Tale of 2 Struggles? Mural in Northern Ireland depicts struggle against British rule. A Sinn Fein councillor suggested Israel should be bombed to get it to negotiate seriously. Image by getty images
Sinn Fein distanced itself from a councilor in an Irish city who called on the United Nations to bomb Israel.
John Hearne, a councilor representing the Sinn Fein party in the southeastern city of Waterford, said in a July 18 radio interview that he believed the United Nations should start shelling Israel in a bid to end the latest Israel-Hamas conflict in the Gaza Strip.
“Well, I’d prefer if the United Nations started shelling Israel,” he told WLR FM.

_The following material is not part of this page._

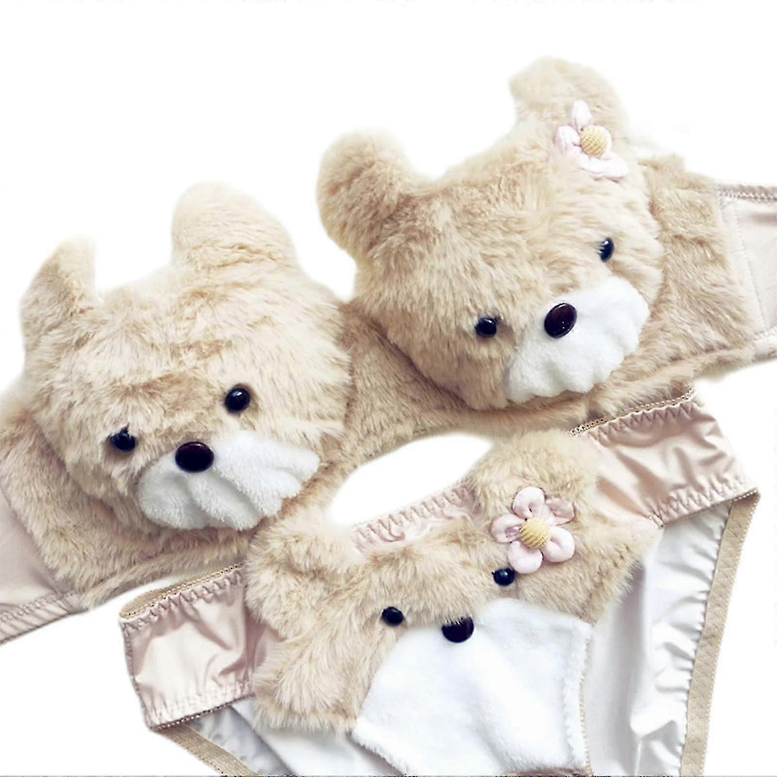 Women Lovely Plush Bra Panty Set Funny Bear Bra Panties Set Cartoon Plush Underwear Soft Student Girls Lingerie Set brown XL

Sinn Fein on Thursday distanced itself from Hearne’s remarks and noted that the United Nation is not a war-making entity.

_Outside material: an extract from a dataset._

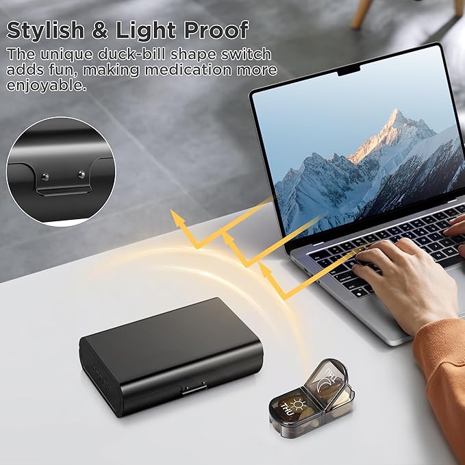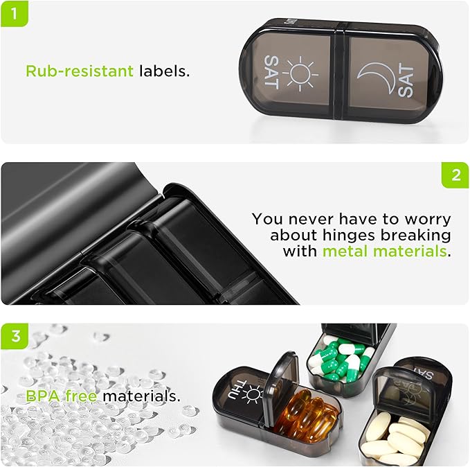- Long-lasting Design: Unlike other cute pill holder on the market, this vitamin organizer features an upgraded outer hinge with a built-in steel pin for enhanced longevity and reliability. The hinge can withstand over a million uses without the pin not falling. The medication organizer letters are UV printed, lasting over 10,000 uses, never worry about the rub-off labels.

“Cllr. Hearne’s comments are not reflective of Sinn Fein’s position on the situation in Gaza,” the party said in a statement. “The stated mission of the UN is to foster peace and security.”
Sinn Fein’s posture, it said, according to The Journal, an Irish news site, was to support an “inclusive peace process” and that in the current conflict “Israel must halt its assault on Gaza. The blockade must be lifted immediately. Also, the firing of rockets from Gaza into Israel must end.”
Sinn Fein, at one time associated with the Irish Republican Army, has historic ties to Palestinian groups.
Hearne cited past IRA attacks in justifying violence as a means of pressuring nations.
“You have to get them to the table,” he said. “The English were never coming to the table until Canary Wharf happened.”
The 1996 IRA bombing at Canary Wharf in London killed two people and ended a cease-fire; the sides in the Northern Ireland conflict eventually returned to the table and by 1998 had signed the Good Friday Agreement.
Hearne’s comments remained unnoticed until a Waterford-based senator from Fine Gael, another party, read them into the Irish senate’s record on Thursday.